A straight JavaScript simpler solution might be more appropriate:
一个简单的JavaScript解决方案可能更合适:
var rV = {};
myArray.forEach(function(d){
if (!rV[d.sex]){
rV[d.sex] = {};
}
var ageGroup = null;
if (d.age <= 10){
ageGroup = '0-10';
} else if (d.age > 10 && d.age <= 20 ){
ageGroup = '10-20';
} else if (d.age > 20 && d.age <= 30 ){
ageGroup = '20-30';
} else if (d.age > 30 && d.age <= 40 ){
ageGroup = '30-40';
} else if (d.age > 40 && d.age <= 50 ){
ageGroup = '40-50';
} else if (d.age > 50 && d.age <= 60 ){
ageGroup = '50-60';
} else if (d.age > 60 && d.age <= 70 ){
ageGroup = '60-70';
} else if (d.age > 70 && d.age <= 80 ){
ageGroup = '70-80';
} else if (d.age > 80 && d.age <= 90 ){
ageGroup = '80-90';
} else if (d.age > 90 && d.age <= 100 ){
ageGroup = '90-100';
}
if (!rV[d.sex][ageGroup]){
rV[d.sex][ageGroup] = [];
}
rV[d.sex][ageGroup].push(d);
});
Which returns:
返回:
{
"M": {
"40-50": [
{
"age": 47.67825324088335,
"sex": "M"
}
],
"50-60": [
{
"age": 50.14032511971891,
"sex": "M"
}
],
"20-30": [
{
"age": 28.564708586782217,
"sex": "M"
},
{
"age": 20.309976511634886,
"sex": "M"
}
],
...
This is then filterable on:
这是可过滤的:
rV[aSex][anAgeGroup]
#2
-1
The first assumption is that you have an array. {"age": 73, "sex": "F"},{"age": 65,"sex": "M"} ... Is an object with key value pairs.
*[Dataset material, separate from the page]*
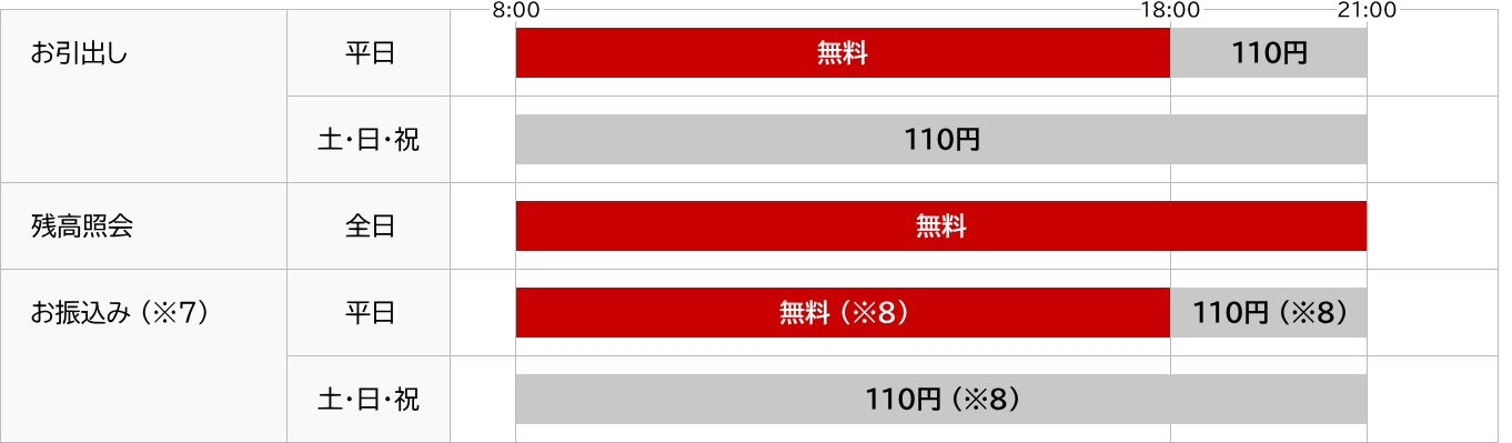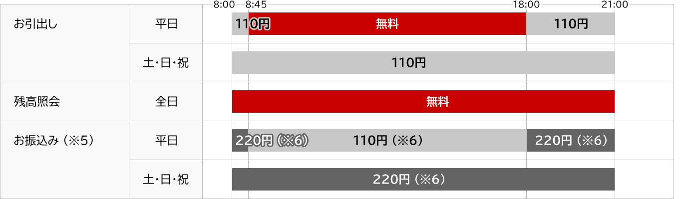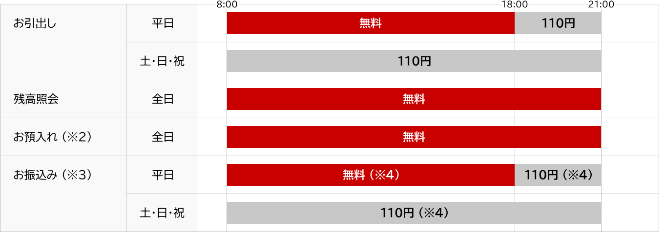 | ※ | 銀行休業日や延長時間帯にお引出しいただく場合には各金融機関所定の手数料が必要となります。 |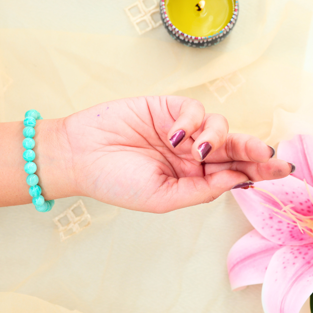 This bracelet is ideal for those facing anxiety, overthinking, or difficulty expressing themselves. Amazonite helps release fear of judgment and empowers you to communicate with confidence and compassion. It’s also known to support emotional healing, especially from past trauma or heartbreak.

There is no need to have a key called "key" as this is redundant. In either case this is not a D3 question, but a question about sorting.
第一个假设是你有一个数组。{“年龄”:73年,“性”:“F”},{“年龄”:65年,“性”:“M”}…是具有键值对的对象。不需要有一个名为“key”的键,因为这是冗余的。无论哪种情况,这都不是D3问题,而是关于排序的问题。